(Raw data)
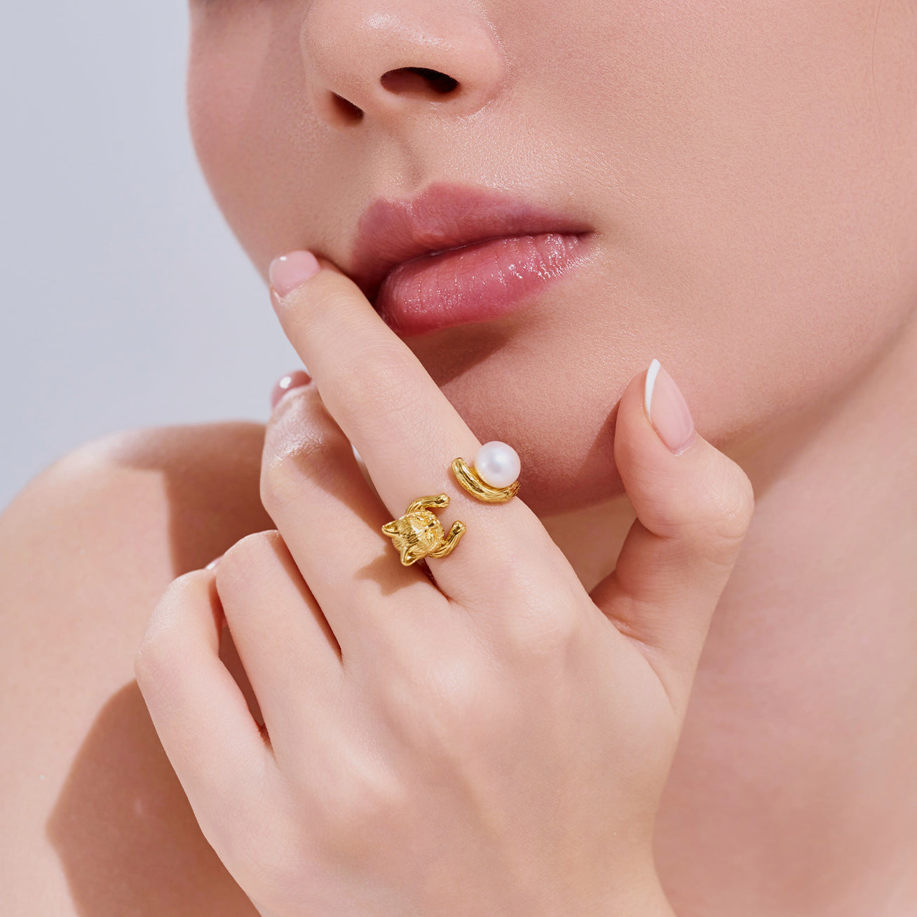这款完美的淡水珍珠戒指是专为所有猫咪爱好者设计的!一颗白色的淡水珍珠被一只手工制作的猫形环抱。是一件永恒的珠宝,展现个性、喵声与永恒的爱……
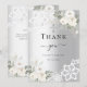 Un carte de remerciements de baptême moderne et élégant, neutre pour les hommes et les femmes. Un arrière - plan faux argenté. Décoré de roses blanches, fleurs florales, dentelle et une petite croix. Retour : Modèle pour une note de remerciement et nom.
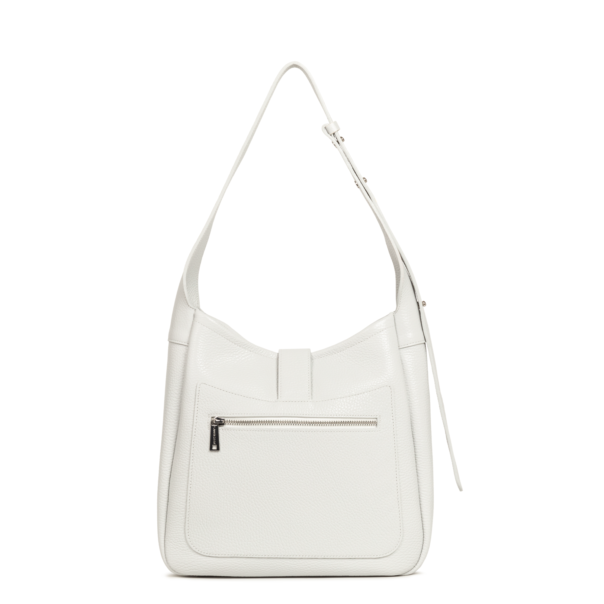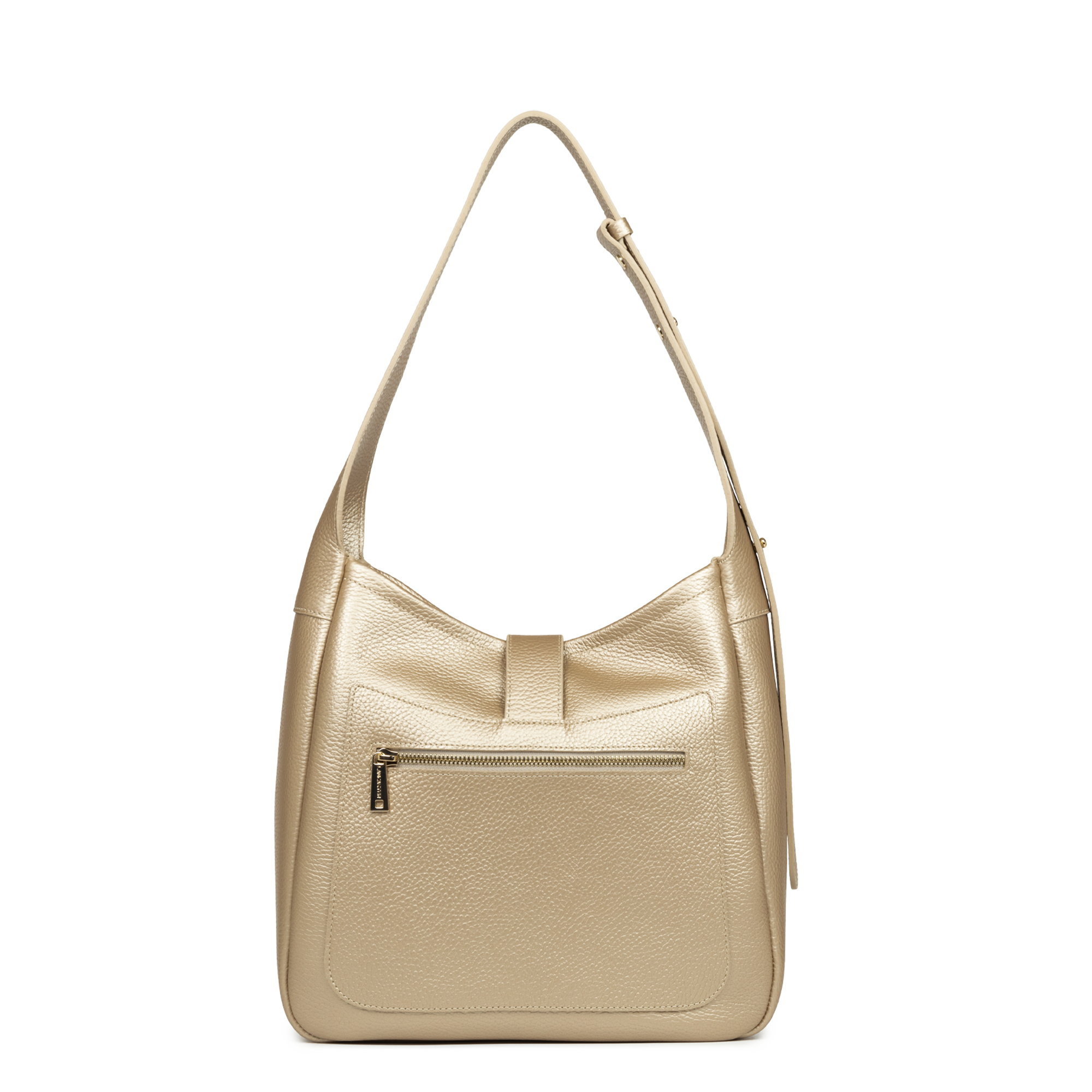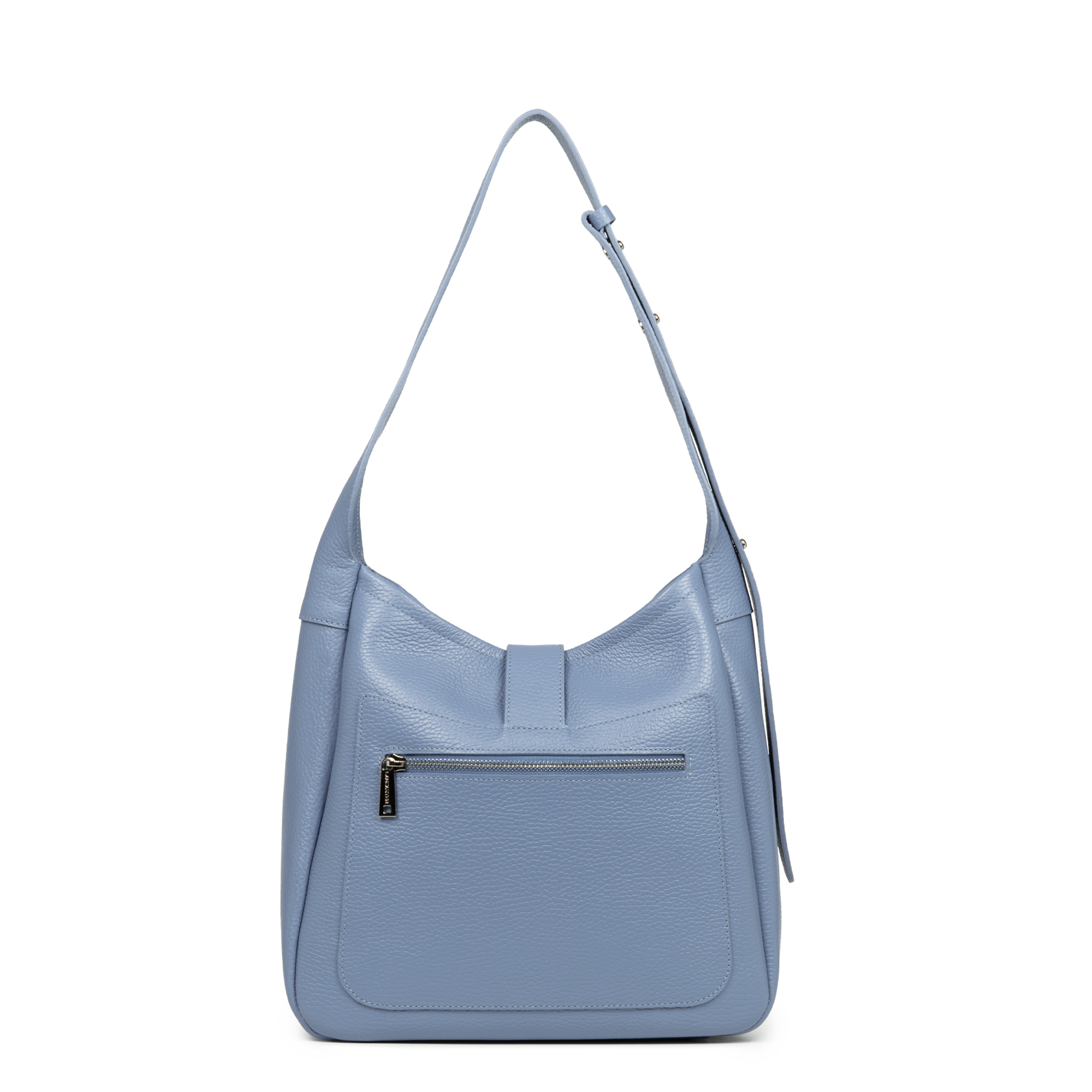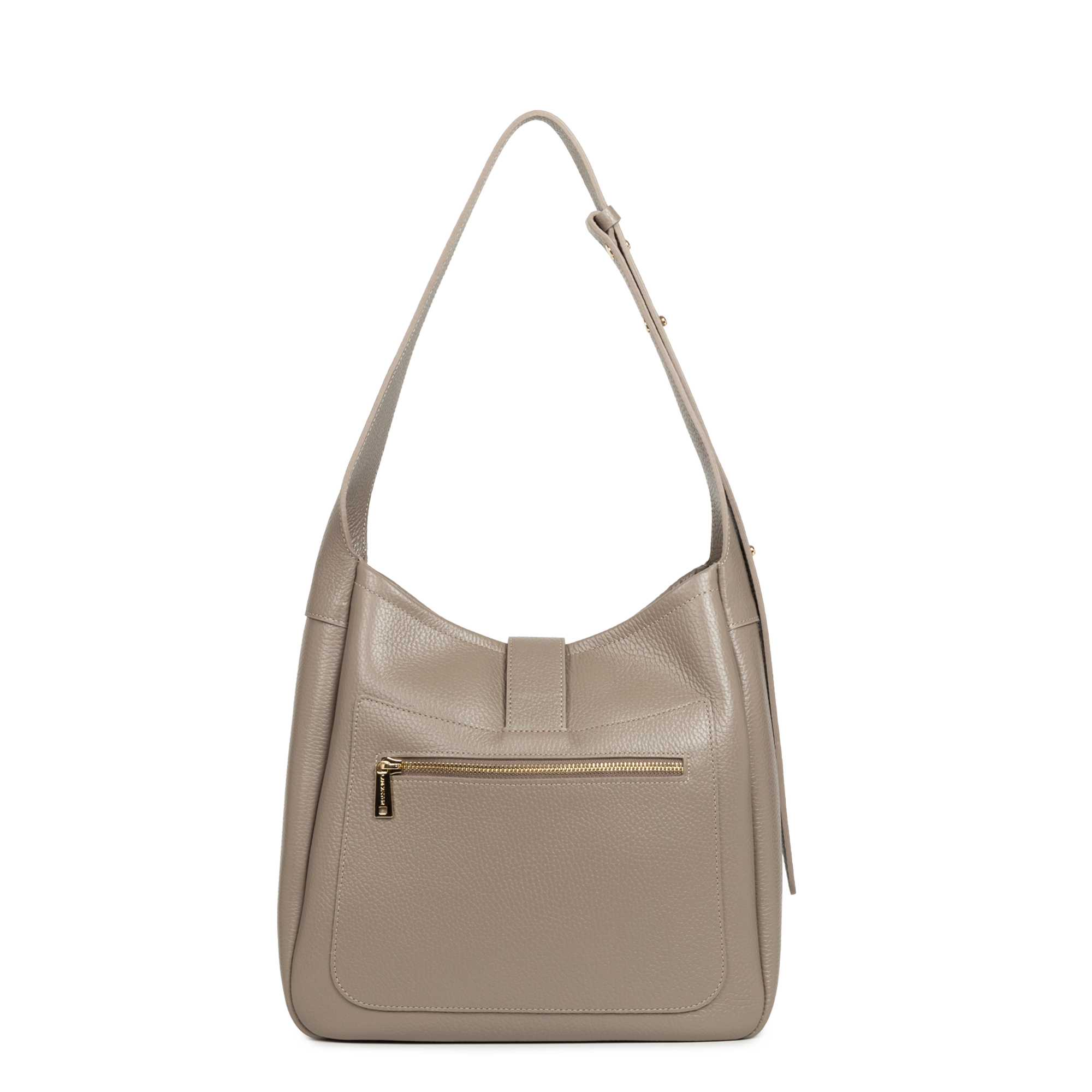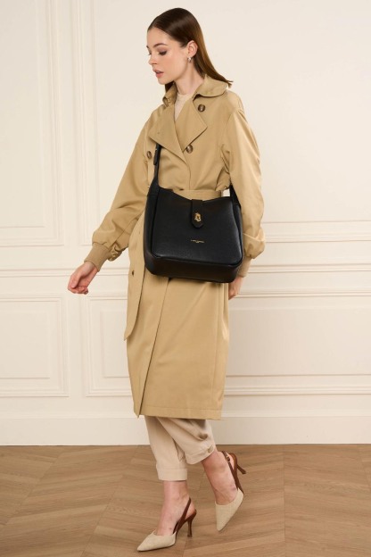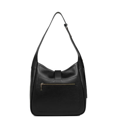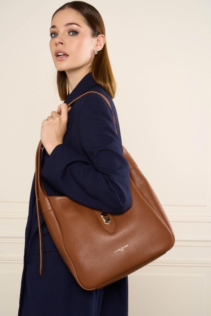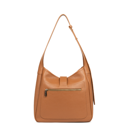 Ce sac seau est confectionné de cuir de vachette grainé. Il comporte une poche extérieure zippée ainsi qu'une poche intérieure simple principale. Il se porte à l'épaule ou croisé.
(End Raw data)
Task to complete: Only the lines from the one containing "Un carte de" through the last line of the material are to be restated word for word; no picture is to be included.

Output of the task:
 Un carte de remerciements de baptême moderne et élégant, neutre pour les hommes et les femmes. Un arrière - plan faux argenté. Décoré de roses blanches, fleurs florales, dentelle et une petite croix. Retour : Modèle pour une note de remerciement et nom.
 Ce sac seau est confectionné de cuir de vachette grainé. Il comporte une poche extérieure zippée ainsi qu'une poche intérieure simple principale. Il se porte à l'épaule ou croisé.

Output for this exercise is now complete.